Ultio ("Vengeance") was an ancient Roman goddess whose cultus was associated with Mars. An altar and golden statue of Ultio were set up in the Temple of Mars Ultor, dedicated by Augustus in 2 BC as a center for cultivating the Martian aspect of Mars Ultor, "the Avenger".

As a cultural value, the ultio embodied by the divinity was problematic, and it could be hard to draw the line between righteous vengeance and mere revenge. The ultio exercised by emperors was to be balanced with the virtue of clementia, tolerance or mercy. Augustus honored Mars Ultor and Ultio in his role as the avenger of the murder of Julius Caesar, whose adopted heir he was, but he founded the cult and temple only 40 years later, to mark the return of the Roman military standards captured by the Parthians at the disastrous Battle of Carrhae in 53 BC. The "avenging" of this military catastrophe—accomplished through diplomacy rather than a decisive battle—mitigated the potential divisiveness of celebrating the defeat of fellow Romans. Tiberius quashed plans for an altar to Ultio to mark the successful prosecutions in the death of Germanicus. According to Tacitus, Tiberius thought triumphalist monuments should be reserved for the defeat of foreign enemies.

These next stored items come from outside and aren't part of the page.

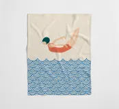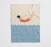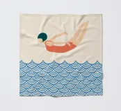 Questa immagine artistica mostra una donna stilizzata in costume da bagno rosso che si tuffa elegantemente in mare: un simbolo di libertà, leggerezza e sensazione estiva. Le forme chiare, le onde blu e i tenui colori pastello conferiscono al motivo un fascino moderno e retrò in stile metà secolo. Perfetto per gli amanti dell'arte minimalista, dell'estetica vintage e dei momenti estivi mediterranei.
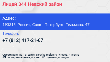 Лицей №344, Невский район по адресу 193315, Россия, Санкт-Петербург, Тельмана, 47 в дальнейшем Организация, размещена в следующих категориях:
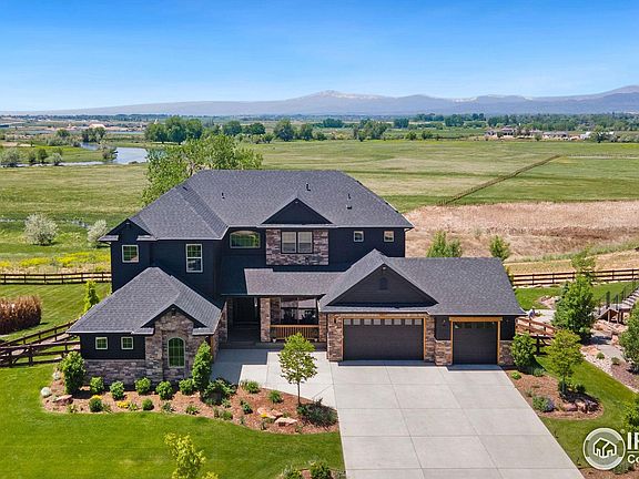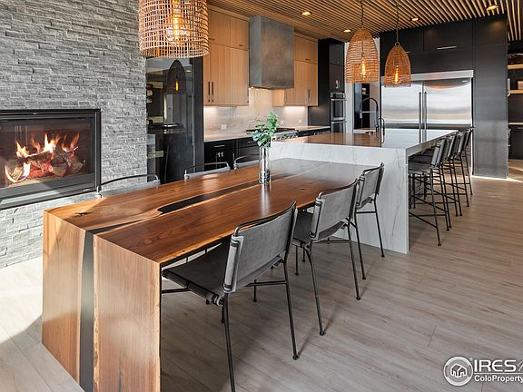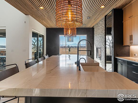 A rare opportunity for a truly one of a kind Scandinavian Modern Custom Home in Summerfield Estates designed with no expense spared. From the breathtaking panoramic views of the Rocky Mountains and Poudre river, to the vaulted ceilings and one-off lighting found throughout, this home will leave you in awe every time you walk in the door. The kitchen is highlighted with new White Oak Slab cabinetry, Luxurious Mitered Bianco Superiori Quartzite waterfall counters extended to a black walnut slab eat-in area in front of the stone fireplace sided by custom glass wine nooks. The meticulous wood slating throughout the kitchen, dining room, and primary bath accentuate the hand selected Scandinavian lighting. An 18' Custom venetian concrete grand fireplace in the living area draws your eyes to the Cloud Concrete pendants creating a warm mood throughout. An 14' sliding glass door leads you out to the spacious covered deck where you can enjoy the mountain views and Longhorn Cattle roaming the pastures below. Further features of the main level include a full Guest or in-law suite, stunning 1/2 bath with 3D tiling, floating vanity and a petrified wood sink, plus a generously sized office/ rec room. The custom glass railing leads you upstairs, across the catwalk where the spectacular views continue in your very own Owners Wing upstairs. No detail was overlooked in the grand bath with hand crafted mirrors, floor to ceiling tile, and a freestanding soaking tub, leading you into your over 400sf split closet. 2 additional generously sized bedrooms are found upstairs, each with their own en-suite bathrooms and walk-in closets. The Walk-Out basement is perfect for spreading out featuring a full wet bar, large rec / entertaining area that leads out to an oversized concrete patio with a hot tub, plus two additional bedrooms.
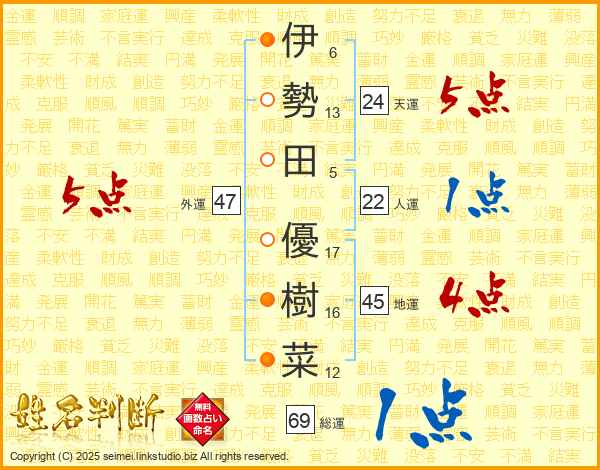 伊(6画)勢(13画)田(5画) 優(17画)樹(16画)菜(12画)
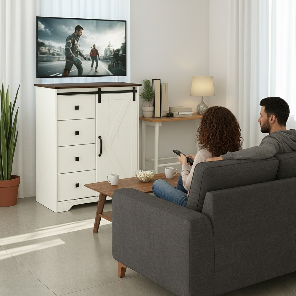 ارتقِ بديكور منزلك مع الخزانة الأنيقة ذات التصميم الريفي العصري، التي تجمع بين الجمال العملي والوظيفة الذكية.
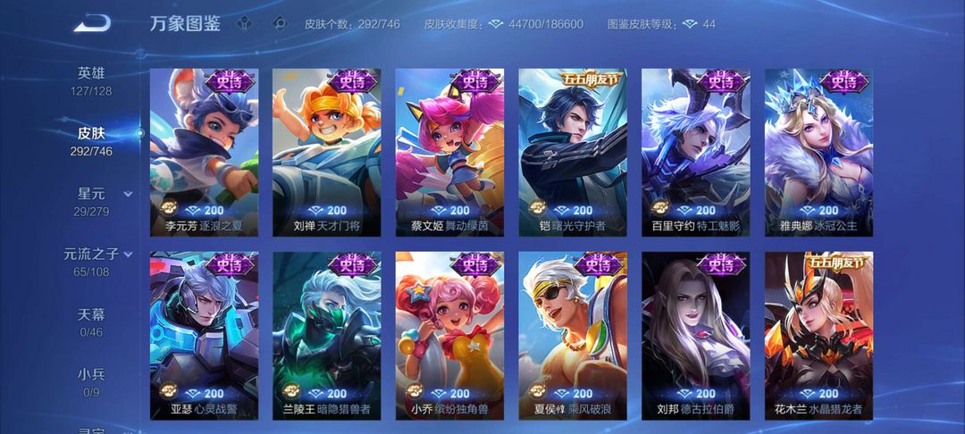 历史❤️三国服❤️,打野精品号❤️292皮肤❤️,❤️曜无双❤️李白典藏❤️限定19❤️传说86❤️
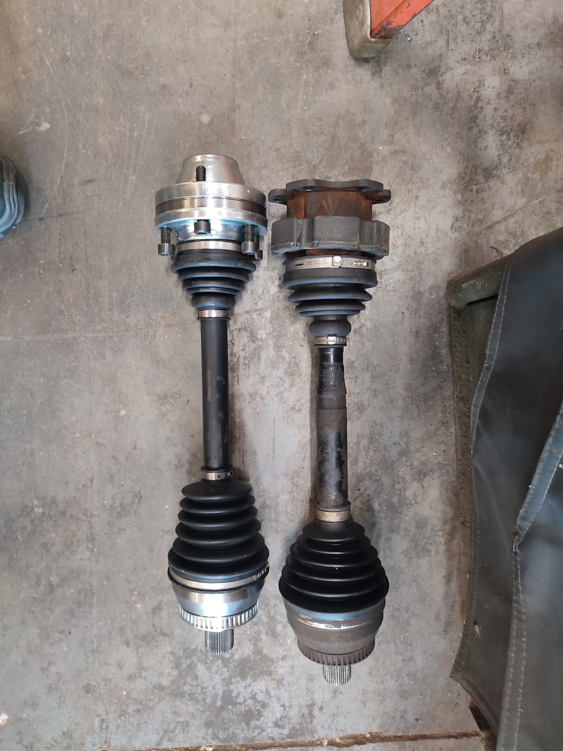 Nein, habe ich nicht da es vermutlich nicht viel bringt. Ich habe ja die Steck- und die Flanschwelle getauscht da sie defekt waren. Da aber an der neuen Flanschwelle der kleinere Lochkreis für das homokenetische Gleichlaufgelenk ist un nicht die Aufnahme für das Tripodengelenk, mußte ich auch eine neue Welle bestellen. Ich verstehe nur nicht was nicht passt…
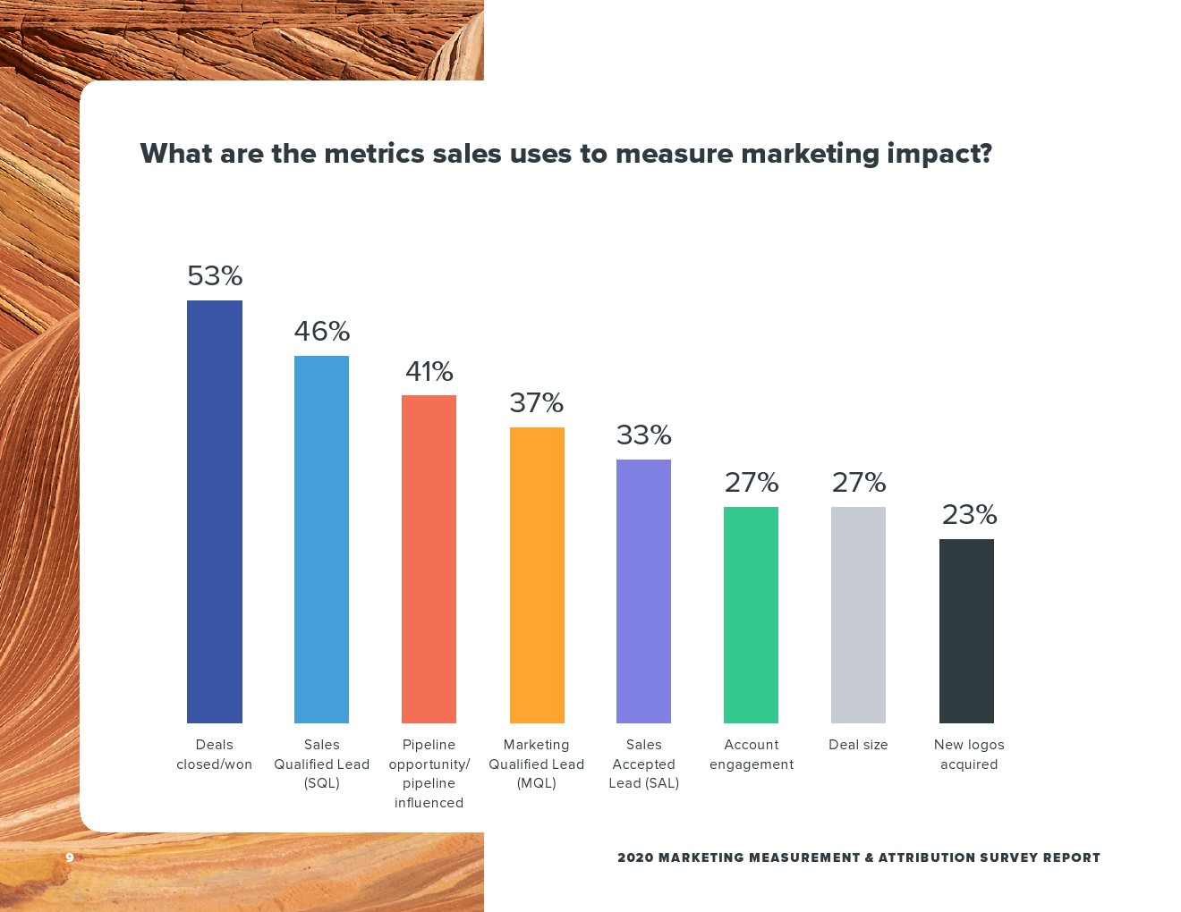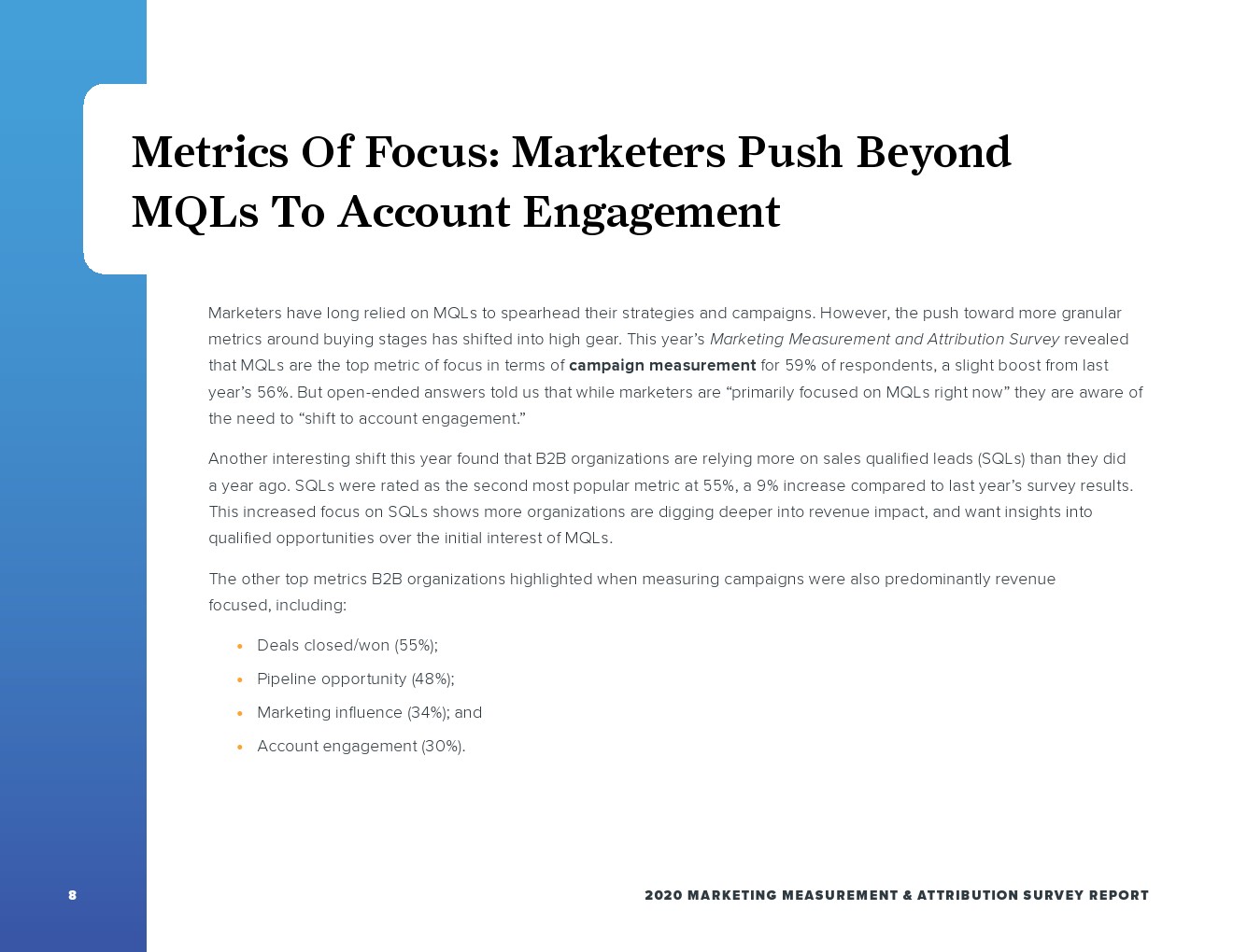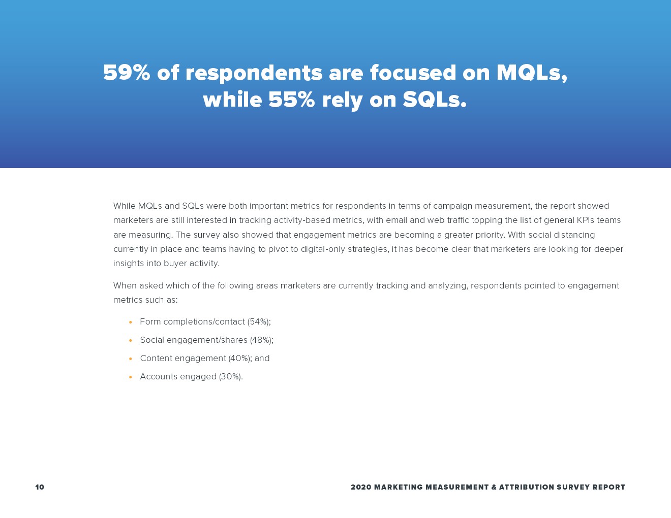 合格的营销线索(MQL)是营销人员活动测量的主要焦点(59%),而这在销售额方面排名第四(37%)。尽管如此,这份报告突显了营销人员越来越希望关注客户参与度,大多数的营销人员(55%)将成交作为首选指标,也是销售团队(53%)时用的最多的指标。
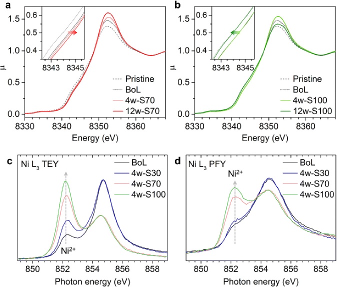 研究了经过12周存储的SoC70和SoC100条件下的放电状态中Ni的氧化态变化(图7a、b)。SoC70阴极中的Li缺陷导致Ni的氧化态更高(图7a)。然而,SoC100的阴极Ni氧化态显著降低。通过sXAS研究了由于SRL存在而引起的表面氧化态变化(图7c、d)。SRL的形成导致表面区域附近Ni的氧化态明显降低。存储了4周的NCMA8相较于经过12周存储的NCM6,在表面Ni的氧化态下降方面表现更为明显(图4g、h),这突显了高镍NCM(A)的表面不稳定性。
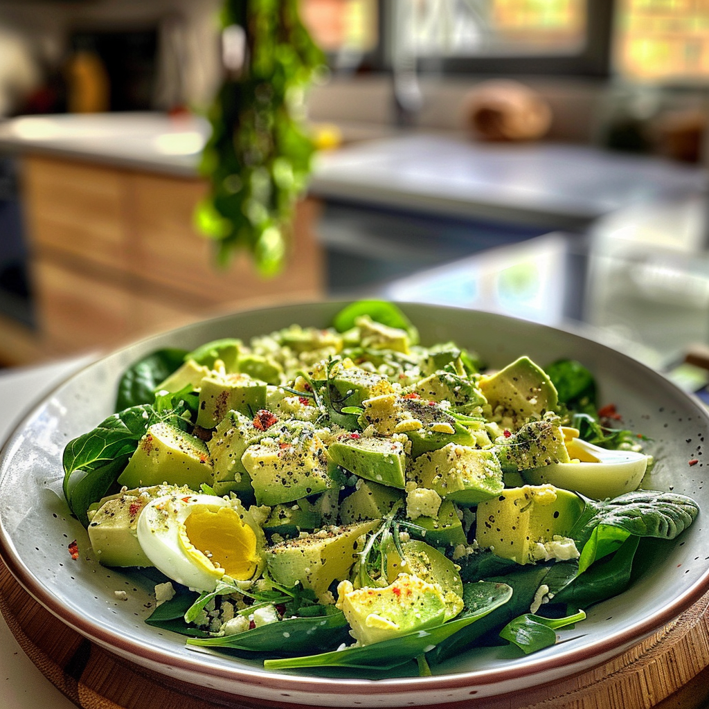 Avocado and Spinach Egg Salad is a delightful dish that brings together the creamy richness of avocado with the fresh,
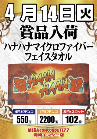 4月14日(火)ハナハナマイクロファイバーフェイスタオル【MEGAコンコルド1177岡崎インター店】 └オリジナル景品 2026.04.14 MEGAコンコルド1177岡崎インター店 愛知県岡崎市欠町野添14-1 詳しく見る 岡崎市
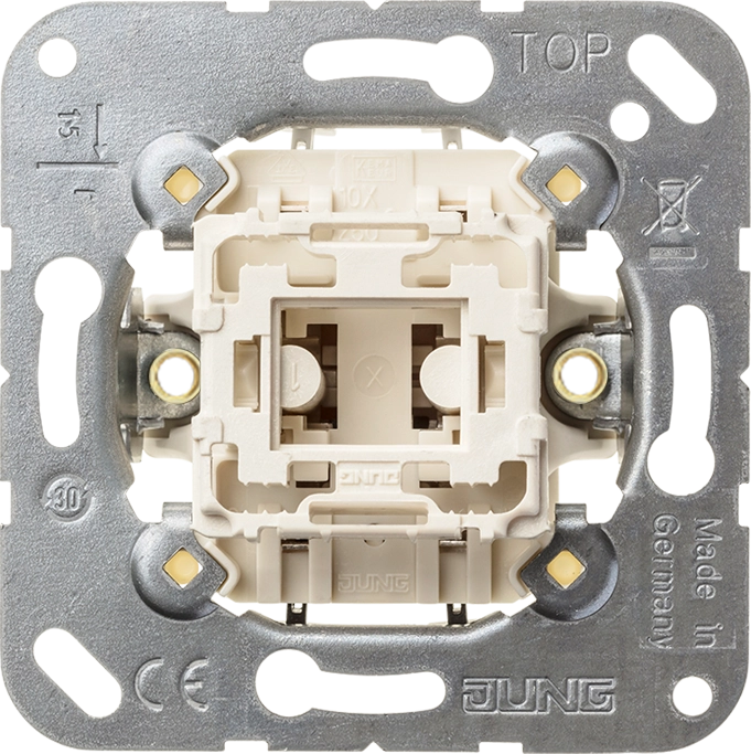 JUNG kruisschakelaar, 10A/250V AC, geschikt voor gebruik tussen twee wisselschakelaars in een hotelschakeling. Bedrading aansluiten met insteekklemmen. Excl. schakelwip en afdekraam. Zonder klauwbevestiging.
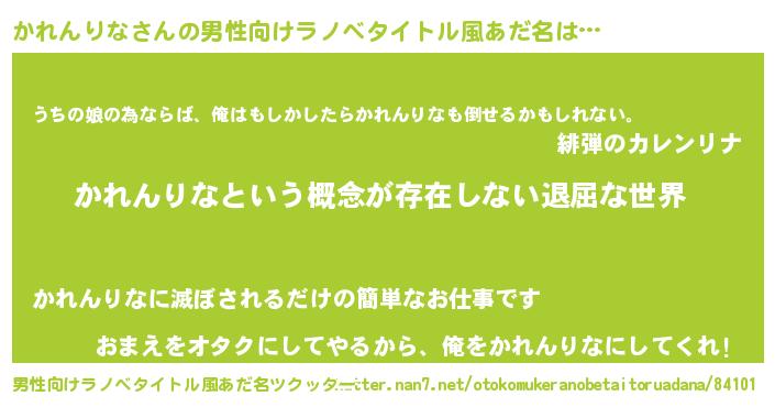 | 女子向けラノベタイトル風あだ名 | 『異世界で失敗しない100のかれんりな』 |
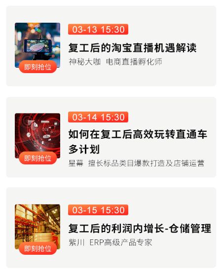 快麦联合牛气携手6位一线实战专家为商家复工复产专属定制了这次以「复工反击战」为主题的系列直播,针对复工后,电商卖家们面临的主要店铺运营难题。从3月9日开始,每天下午15点30分,不间断输出7场精品直播,分别围绕团队管理、视觉营销、爆款打造、直通车推广、淘宝直播、仓储管理等6大板块,多维度助你突出重围,在复工后的第一仗中,打出一场漂亮的反击战。

Caligula, however, returned to a more archaic concept of ultio as personal revenge. The Temple of Mars Ultor became a theater for dramatizing acts of vengeance: the surrender of Adminius, son of Cunobelinus, was announced at the temple, and swords the emperor claimed were to be used in an assassination plot against him were dedicated to Mars Ultor. The emphasis on his personal power to obtain ultio eroded the more careful precedent established by his two predecessors, and contributed to the fall of his regime. Seneca, an advisor of Caligula's successor Nero, cautioned that effective ultio required self-control or moderation: it should result in a useful example, and not be carried out under the influence of emotion.